Thankfully, there are ways to challenge your implicit bias. You can try to put yourself in someone else’s shoes, for example. Or seek out people from other groups and get to know them better. Challenging implicit bias goes particularly well when you’re in a situation where you have to depend on each other. Amman: “When I studied at the University of Applied Sciences in Leiden, we were given a lot of group assignments. It would be useful if teachers at Leiden University were to encourage more group assignments and other forms of collaboration between students.”

'There is no better integration into society than through education'

Lesage Munyemana studies Biology at Leiden University. He studies with the help of UAF, The Foundation for Refugee Students that supports and counsels highly skilled refugees.

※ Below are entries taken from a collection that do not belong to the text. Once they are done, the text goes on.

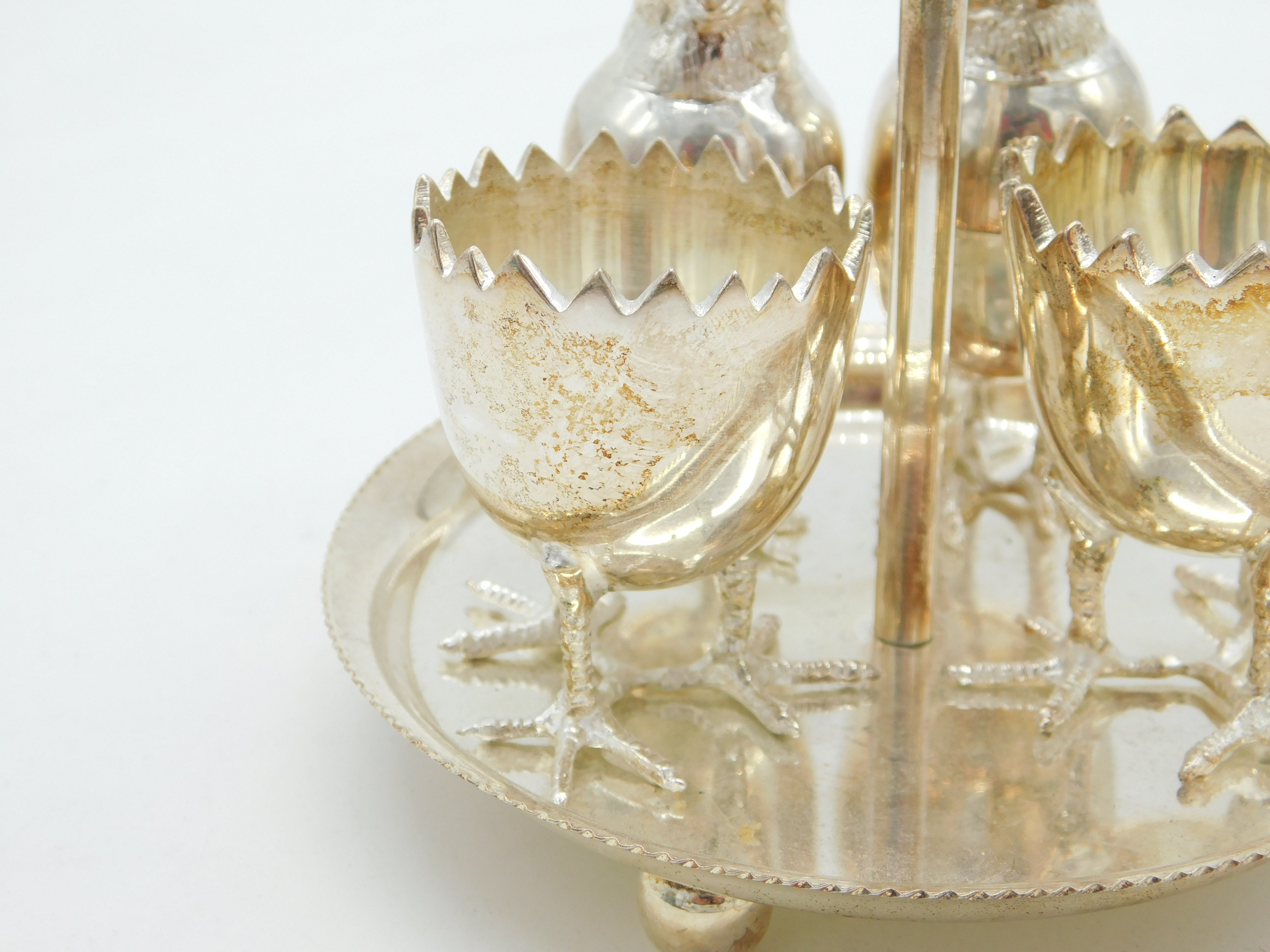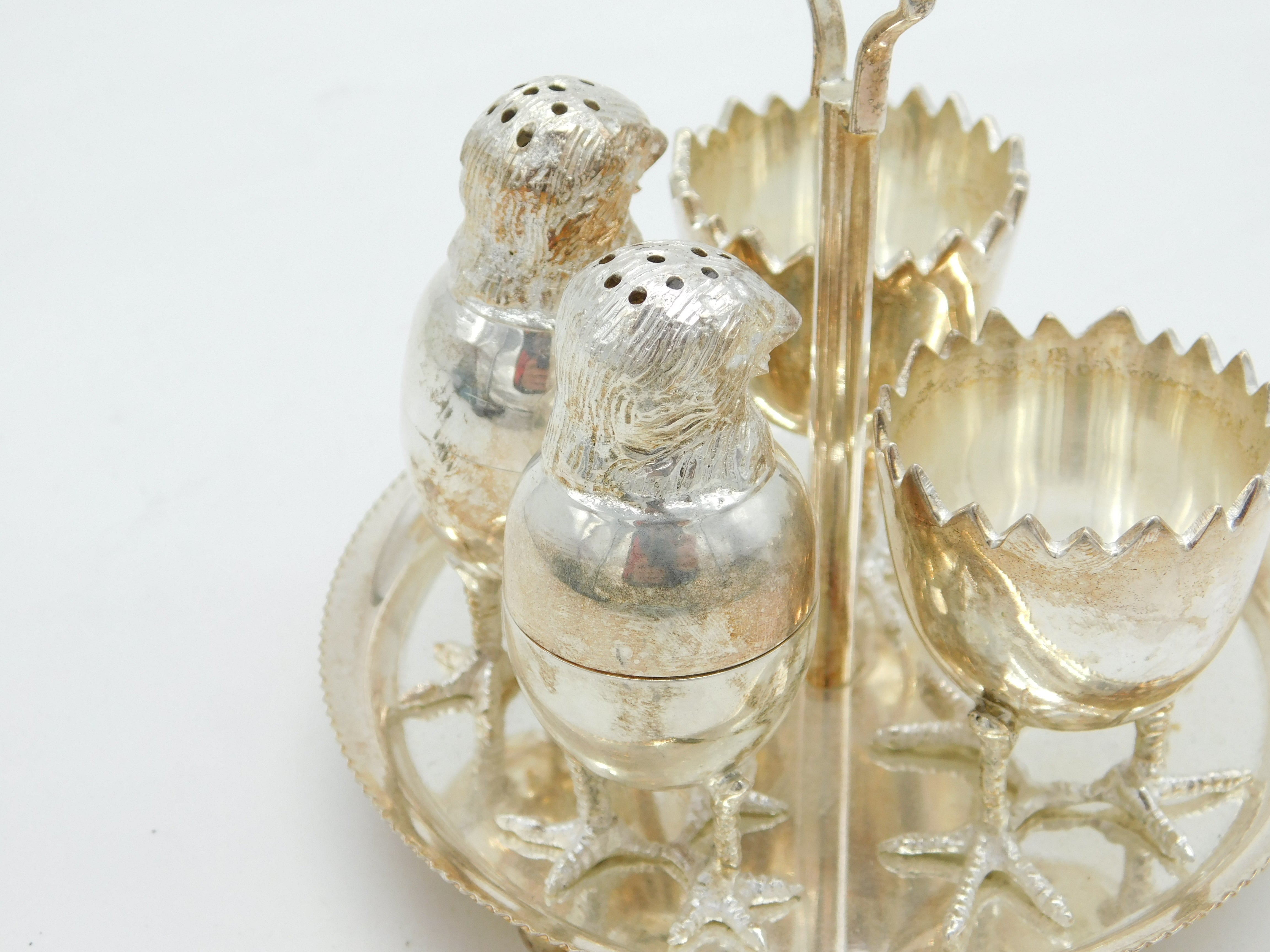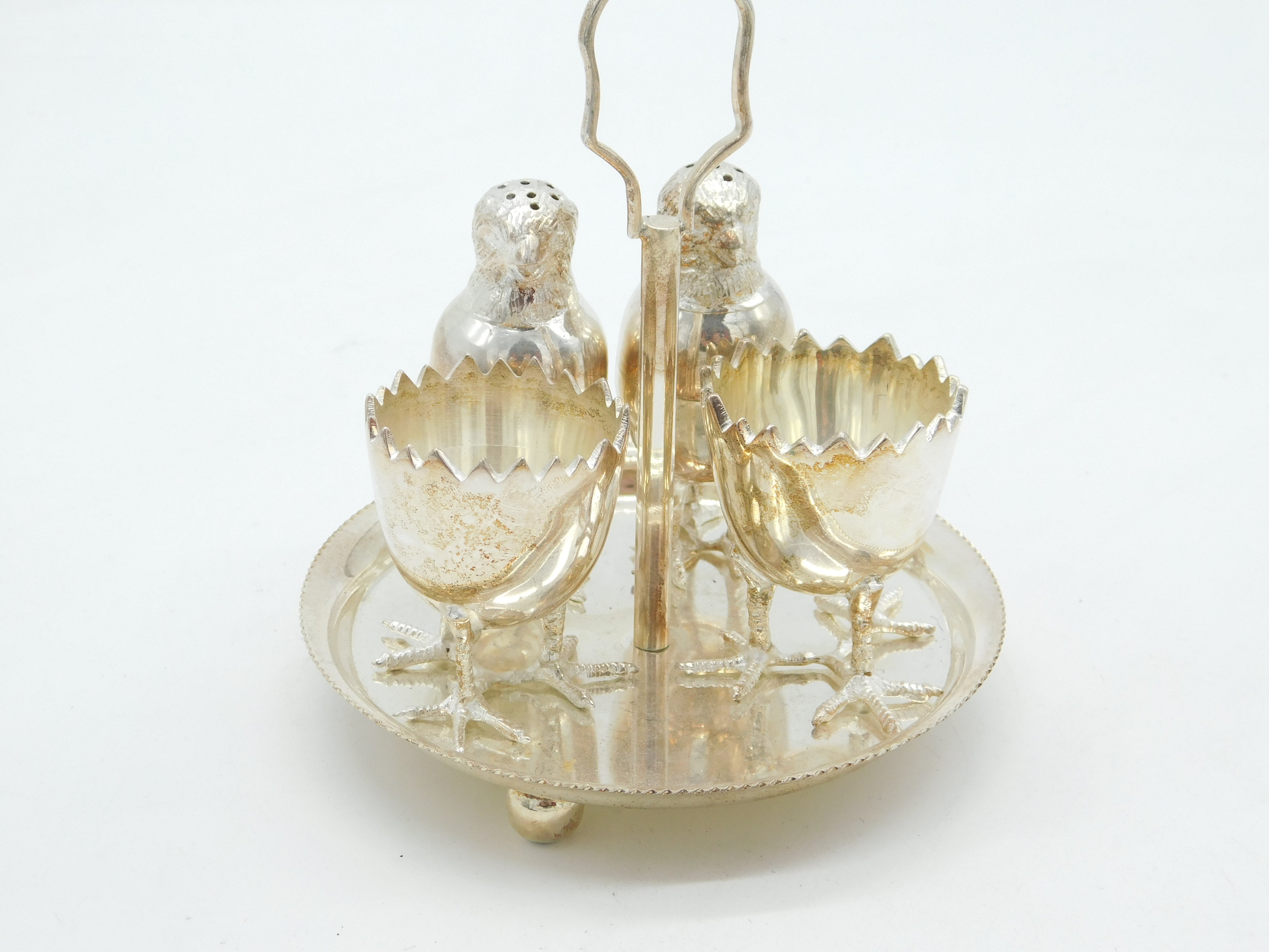 Silver Plated Novelty Boiled Egg Breakfast Set Antique c1930 Art Deco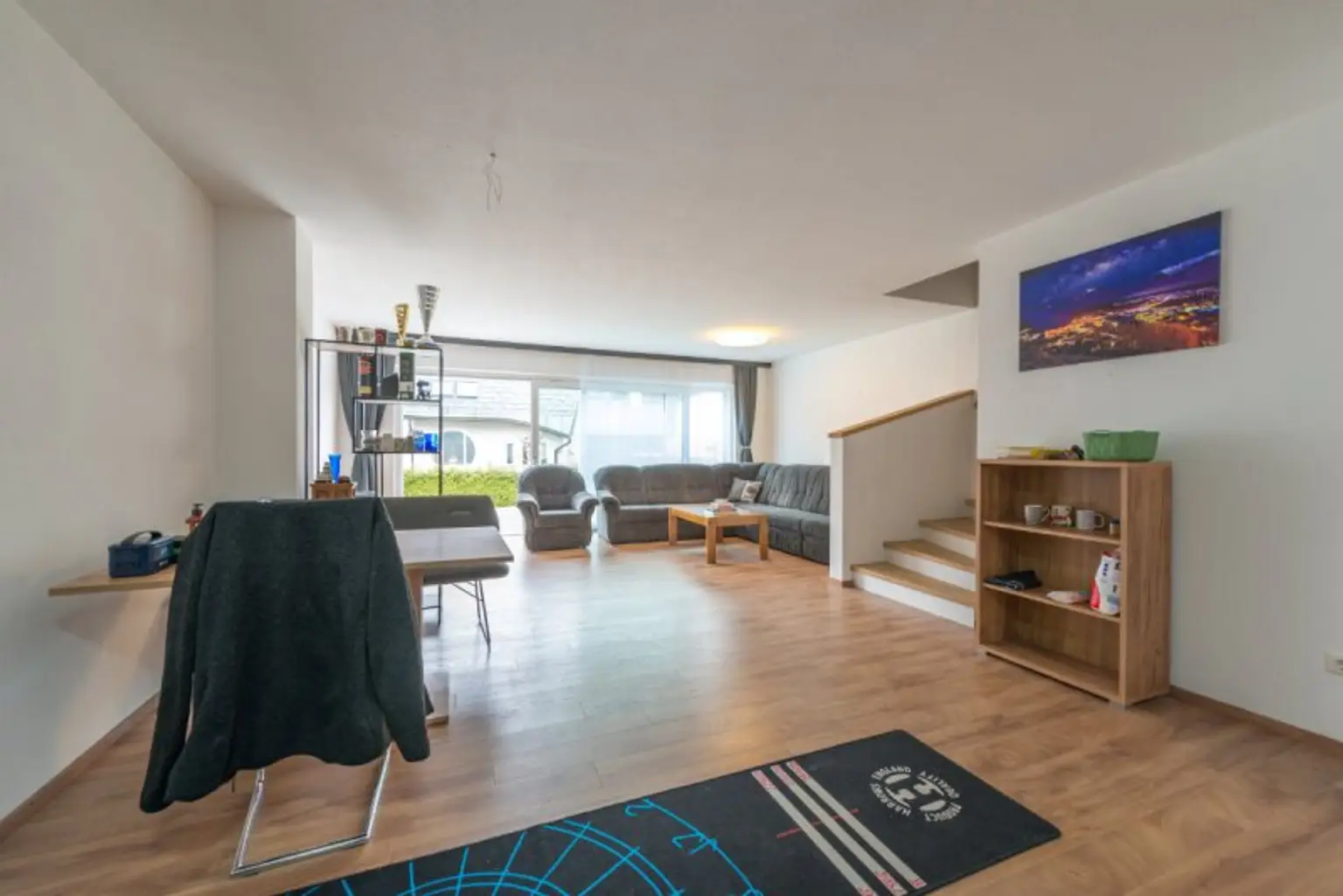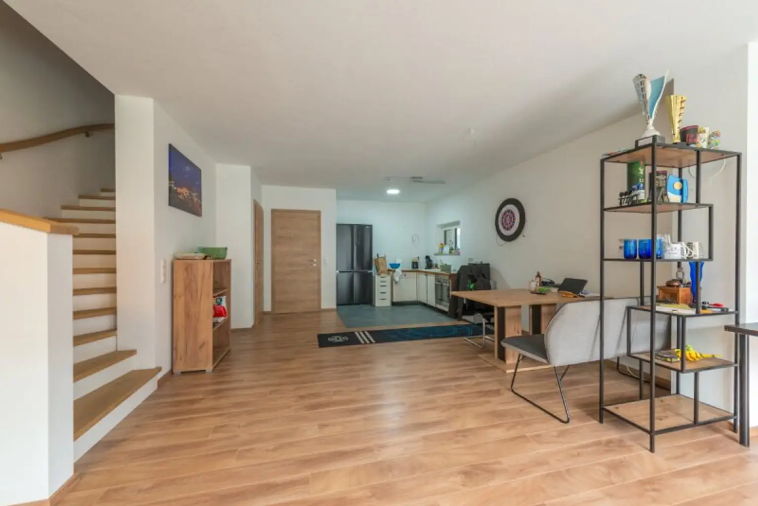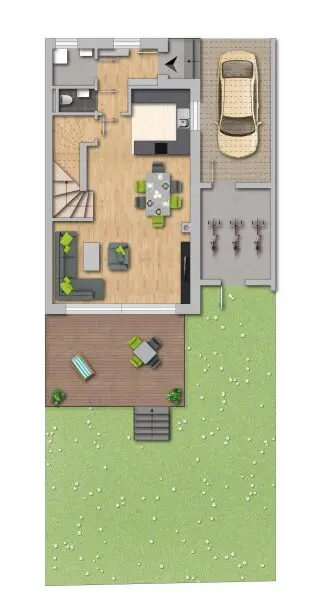 Das Erdgeschoss überzeugt mit einem lichtdurchfluteten Wohn- und Essbereich, der direkten Zugang zur sonnigen Terrasse und in den Garten bietet – ideal für entspannte Stunden oder gesellige Abende. Ergänzt wird diese Ebene durch ein separates WC, einen praktischen Abstellraum sowie einen Technikraum.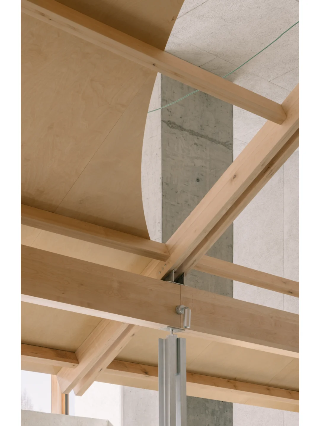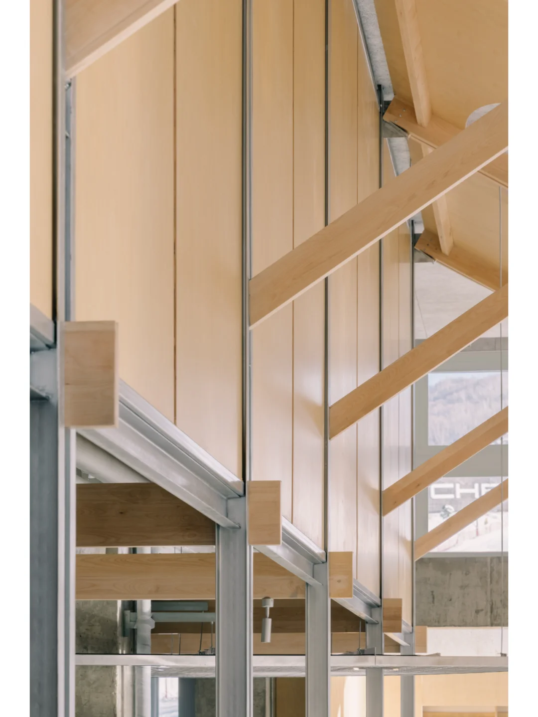 通过把建筑朝南的两层立面打开,覆以大片通透的木框落地窗,从而建立了新的内部视角,看向白色雪坡上黑黝黝的小树林。北方的冬日阳光低低地倾斜落下深长的影子,南面高处的光线,可以一整天从不同的角度深远的洒入北向的角落。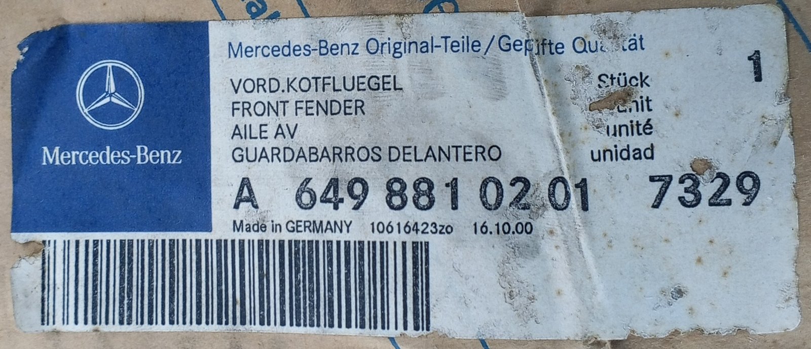 The Mercedes-Benz A 649 881 02 01 / A6498810201 is a genuine OEM front fender designed to protect the vehicle body from debris, mud, and road damage.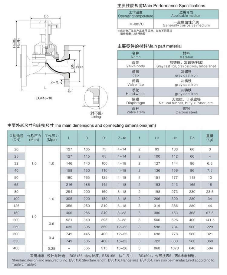 EG41J-10 英标衬胶隔膜阀适用于轻重工业及楼宇管道。流体前进的道路上,隔膜阀可应用于:化工、石化、石油、造纸、采矿、电力、液化气、食品、制药、给排水、市政、机械设备配套、电子工业,城建等领域。
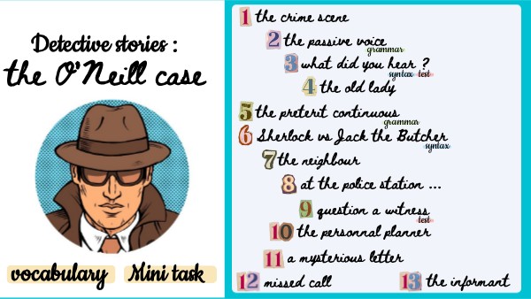 In pairs , write 5 sentences in your copybook. > Recap what you know about the crime. * use the mindmap * use the preterit tense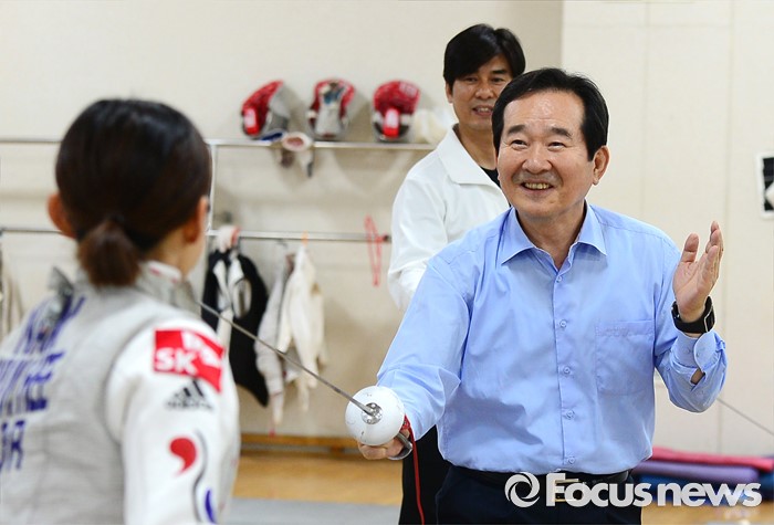 (서울=포커스뉴스) 정세균 국회의장이 24일 오후 서울 노원구 태릉선수촌을 방문해 브라질 리우 올림픽을 앞두고 훈련 중인 남현희 선수와 펜싱 대결을 하고 있다.

“It is hard for any refugee fleeing his motherland to settle in a new country, let alone for someone who is ambitious and needs to familiarise himself with a new educational system and a new language. I remember the day, four years ago, when I was accepted by UAF. It was one of the happiest days of my life. With their help I learned Dutch. After six months I was able to follow a lecture at the university and now I’m a third year student.”

More applications for UAF

“With so many refugees coming to the Netherlands, UAF will receive more and more applications from talented people who want to finish their education. To help more people, they will need more money. On behalf of all refugee students I would like to call on you to help support UAF. It is a very important cause, because there's no better integration into society than through education.”

UAF is an independent organisation. Go to www.uaf.nl for more information or to make a donation.

During the evening of the symposium students and other interested people participated in workshops.